17. "hexanal" (OVOC): small, but consistent peak (dominant alkanal/aldehyde);
 precision +-2% (1).

18. "beta-pinene": local emission compound (dominant terpene); there is a
 possibility of its conversion to alpha-pinene on the microtraps during 
 sampling or desorption (Jim Greenberg, NCAR, pers. comm.). Uncalibrated,
 but unequivocally identified with an authentic sample.

19. "ethylbenzene" (Scotty): too small in abundance to be relevant; consistent
 aromatic, however, after toluene; precision +-6% (1).

20. "p-xylene" (Scotty): too small in abundance to be relevant; precision +-6% (1).

21. "3-carene" (S2): local emission compound (highest precision among the 
 terpenes, +-4%); unreliable untill 3rd of August due to possible 
 breakthrough; coelutes with m-xylene, which, however, is neglibile.

22. "monoterpeneX": small, but consistent terpene, identified due to
 its similarity with the other terpenes during the rain events. Most probable
 candidate is myrcene (but could also be beta-phellandrene), both
 known terpene compounds/emissions in/from ponderosa pine trees.
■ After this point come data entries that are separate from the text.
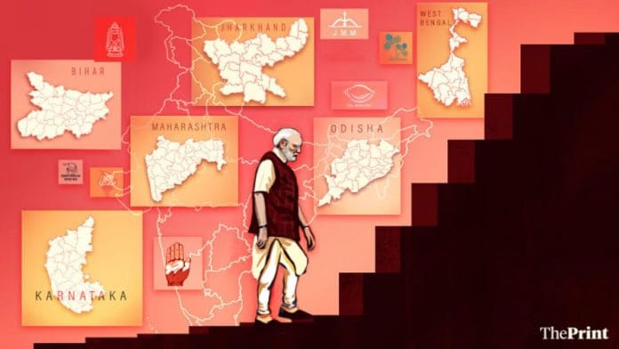 यह हमें छह प्रमुख राज्यों पर नज़र रखने के विचार पर वापस लाता है. ये छह राज्य कुल 193 लोकसभा सीटों का फैसला करते हैं. इनमें से चार (कर्नाटक, बिहार, महाराष्ट्र, झारखंड) उन 12 राज्यों में शामिल थे जिनमें मोदी ने 2019 में सफाया कर दिया था. अब इन चार राज्यों में मोदी के लिए नयी राजनीतिक चुनौतियां उभर आई हैं. बाकी दो राज्य (पश्चिम बंगाल और ओडिशा) उन्हें पहले ही तरह-तरह से चुनौती दे चुके हैं. इनके अलावा 100 और सीटें (तमिलनाडु, आंध्र प्रदेश, तेलंगाना, और केरल में) ऐसी हैं जो भाजपा की पहुंच से दूर ही हैं. 303 का आंकड़ा पार करने के लिए उसे इन छह राज्यों में और करीब 100 सीटें जीतनी पड़ेंगी.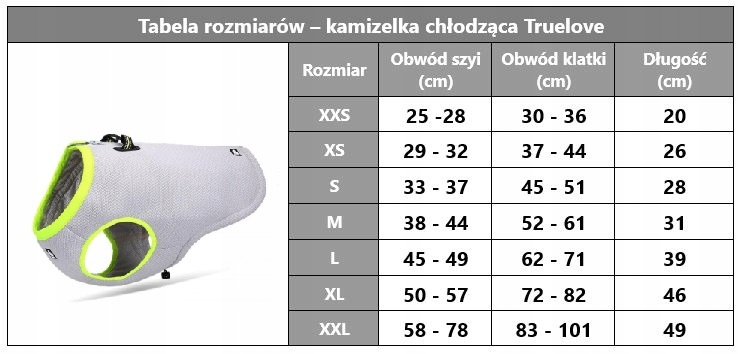 Спекотна погода може бути дуже неприємною, а для наших домашніх тварин навіть коротке перебування на сонці може бути небезпечним. Незалежно від переважаючої температури, собакам необхідно виходити на вулицю кілька разів на день, якщо це необхідно, іноді ми не можемо залишити собаку вдома і мусимо брати її з собою, навіть у найспекотніший день. Тоді що? Ми повинні належним чином захистити собаку від перегріву. Жилет-охолоджувач Truelove - незамінний елемент гардеробу собаки. Завдяки повітропроникним і міцним матеріалам і застібкам зі сплаву цинку, жилет також може виконувати функцію шлейки, і нам не потрібно одягати собаку в додаткові аксесуари.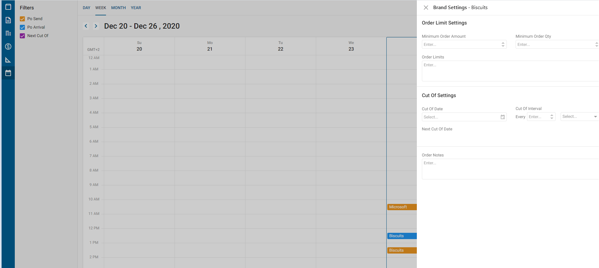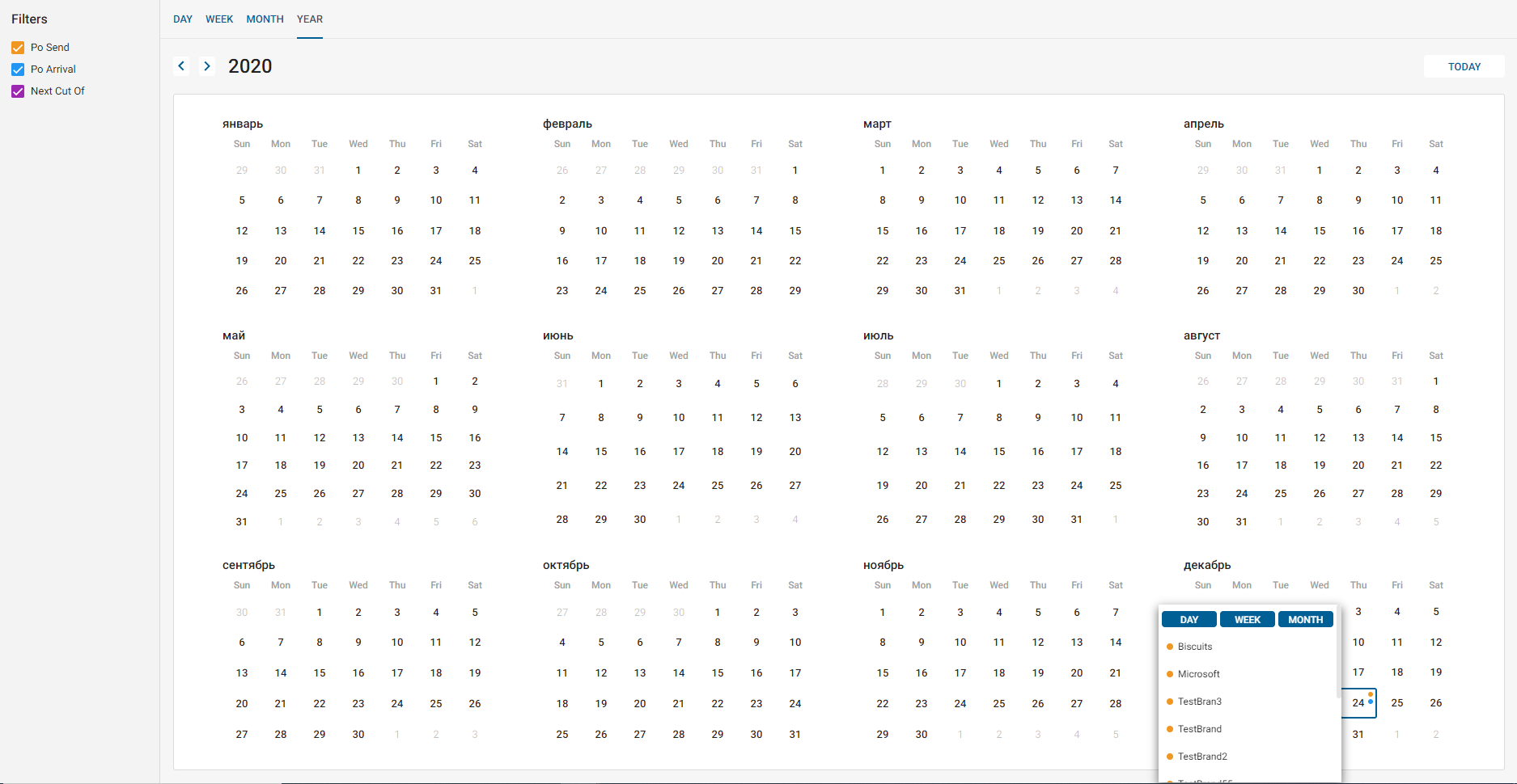 After clicking on the marked Date, will appear pop-up with Brands that have statuses relevant for the chosen filters. User is able to choose Day, Week, or Month view for these Brands.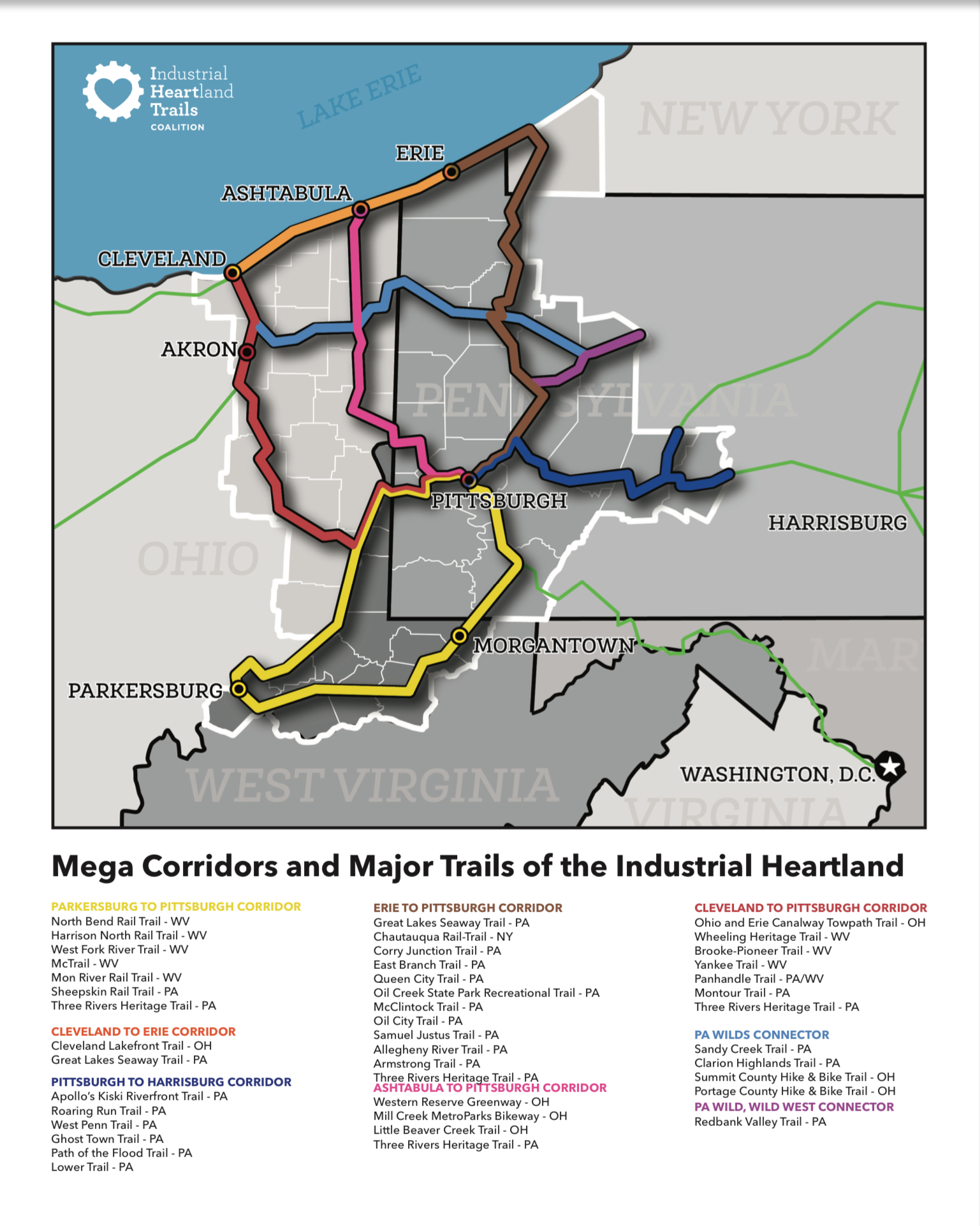 Industrial Heartland Trail Coalition system – The Parkersburg to Pittsburgh (P2P) Corridor is one of eight corridors that comprise the Industrial Heartland Trail Coalition system. This system, when complete, will consist of more than 1,500 miles of trail through 51 counties in four states. It will be one of the largest trail systems in the world. It is currently approximately 52% complete.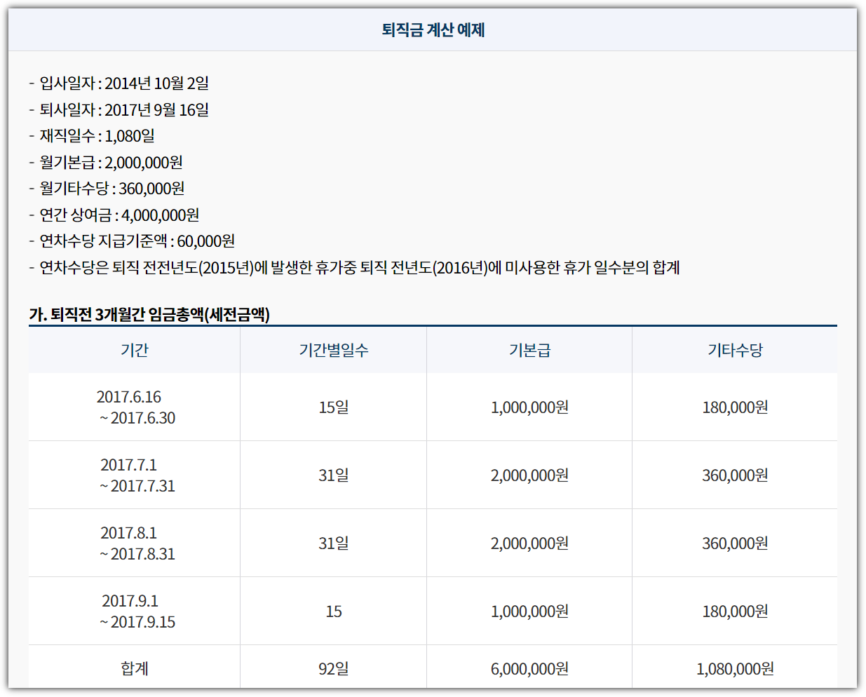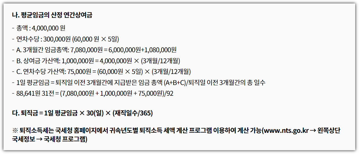 퇴직금 계산 방법은 퇴직일 이전 3개월동안의 입금총액과 퇴직 전일로부터 1년간 지급된 상여금, 퇴직 전일 1년내 사용하지 못해 지급받은 연차휴가수당을 합산해서 계산하게 되는데요, 퇴직금 계산기는 고용노동부 홈페이지에 상세하게 나와있습니다.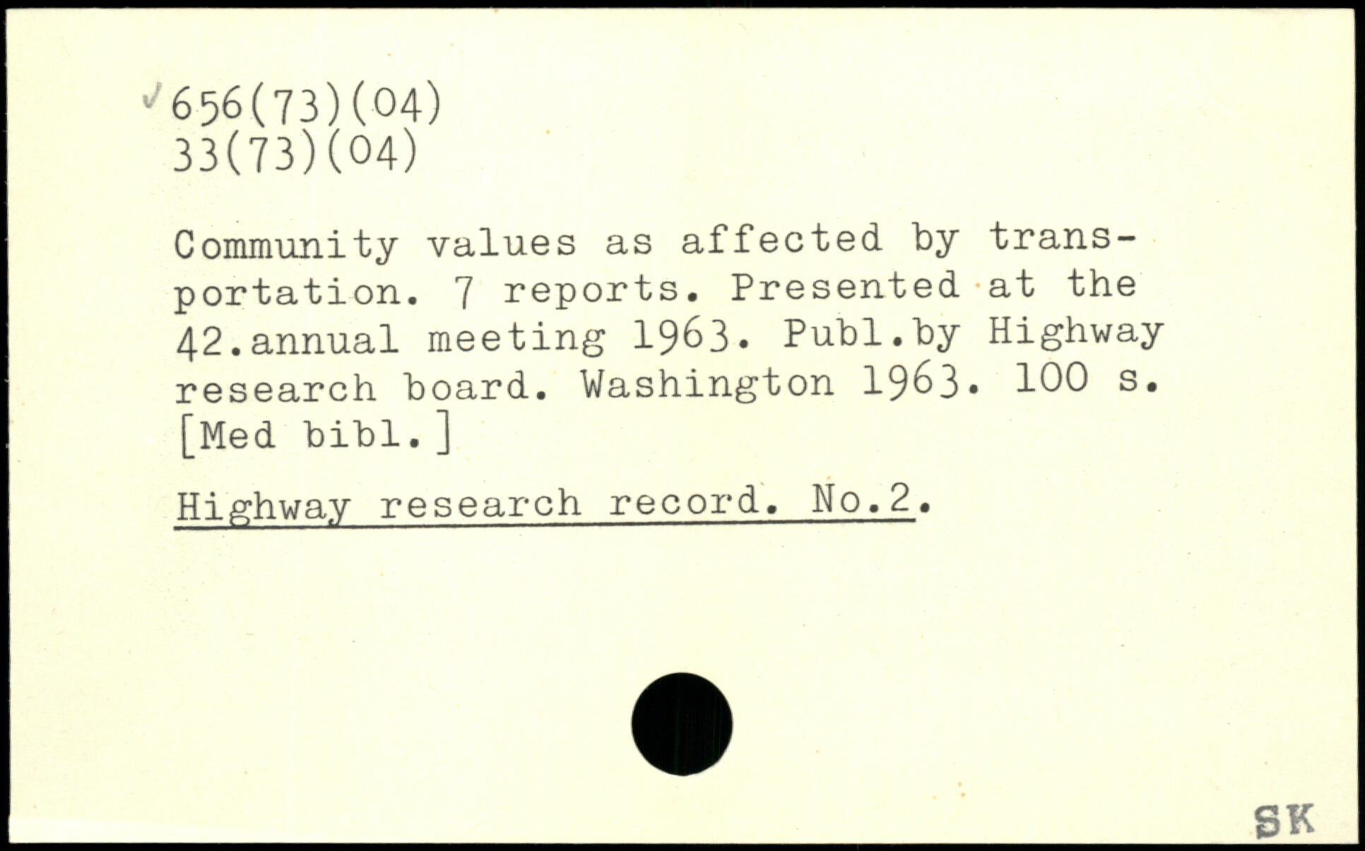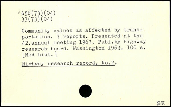 Community values as affected by transportation. 7 reports. Presented at the 42.annual meeting 1963.

23. "o-xylene" (Scotty): too small in abundance to be relevant; precision +-6% (1).
	--> minor blank

24. "d-limonene" (S2): local emission compound (minor terpene); highly 
 reactive with ozone; unreliable untill 3rd of August due to possible 
 breakthrough; precision +-14% (July throughout October).
	--> varying, but small blank


(1) NOTE: Where precisions are very good (e.g. butanal), they are based 
	more or less only on one calibration line and are therefore not
	representative for the whole measurement period!!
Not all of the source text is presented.